Exercise data

• • •

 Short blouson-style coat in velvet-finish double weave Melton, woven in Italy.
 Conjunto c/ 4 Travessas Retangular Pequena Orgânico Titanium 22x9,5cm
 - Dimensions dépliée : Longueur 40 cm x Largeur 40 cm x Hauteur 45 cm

• • •

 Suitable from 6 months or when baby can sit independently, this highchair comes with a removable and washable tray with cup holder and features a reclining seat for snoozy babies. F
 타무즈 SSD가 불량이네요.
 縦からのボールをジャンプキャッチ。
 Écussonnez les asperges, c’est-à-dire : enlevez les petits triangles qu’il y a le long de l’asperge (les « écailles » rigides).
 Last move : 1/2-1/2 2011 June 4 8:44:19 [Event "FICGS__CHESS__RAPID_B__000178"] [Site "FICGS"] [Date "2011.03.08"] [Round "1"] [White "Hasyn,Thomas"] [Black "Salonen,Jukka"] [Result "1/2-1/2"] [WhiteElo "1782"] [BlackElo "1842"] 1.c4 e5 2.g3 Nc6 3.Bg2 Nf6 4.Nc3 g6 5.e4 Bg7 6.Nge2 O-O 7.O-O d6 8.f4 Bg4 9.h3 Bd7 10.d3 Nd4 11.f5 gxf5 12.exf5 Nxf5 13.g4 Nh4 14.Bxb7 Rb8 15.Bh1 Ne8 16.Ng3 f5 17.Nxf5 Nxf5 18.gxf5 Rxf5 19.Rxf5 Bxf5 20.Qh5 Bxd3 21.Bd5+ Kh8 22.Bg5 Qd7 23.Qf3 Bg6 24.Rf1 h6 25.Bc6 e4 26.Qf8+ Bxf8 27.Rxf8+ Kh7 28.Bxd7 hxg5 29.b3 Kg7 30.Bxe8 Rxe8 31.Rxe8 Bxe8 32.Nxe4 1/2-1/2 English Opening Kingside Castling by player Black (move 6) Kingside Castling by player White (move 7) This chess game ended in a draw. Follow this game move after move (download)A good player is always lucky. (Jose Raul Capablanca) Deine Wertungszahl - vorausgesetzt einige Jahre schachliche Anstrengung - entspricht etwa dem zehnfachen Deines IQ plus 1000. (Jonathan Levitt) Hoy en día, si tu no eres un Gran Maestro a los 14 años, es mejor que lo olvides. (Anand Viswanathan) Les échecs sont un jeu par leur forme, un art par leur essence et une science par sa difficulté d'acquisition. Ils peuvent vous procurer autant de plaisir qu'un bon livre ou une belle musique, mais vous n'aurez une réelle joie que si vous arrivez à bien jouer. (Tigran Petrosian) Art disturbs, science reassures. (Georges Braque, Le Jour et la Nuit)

• • •

Work required
Would you quote everything above from the line containing "Short blouson-style coat" down to the line containing "- Dimensions dépliée"? Include both of those lines and nothing else.

Output of the task
 Short blouson-style coat in velvet-finish double weave Melton, woven in Italy.
 Conjunto c/ 4 Travessas Retangular Pequena Orgânico Titanium 22x9,5cm
 - Dimensions dépliée : Longueur 40 cm x Largeur 40 cm x Hauteur 45 cm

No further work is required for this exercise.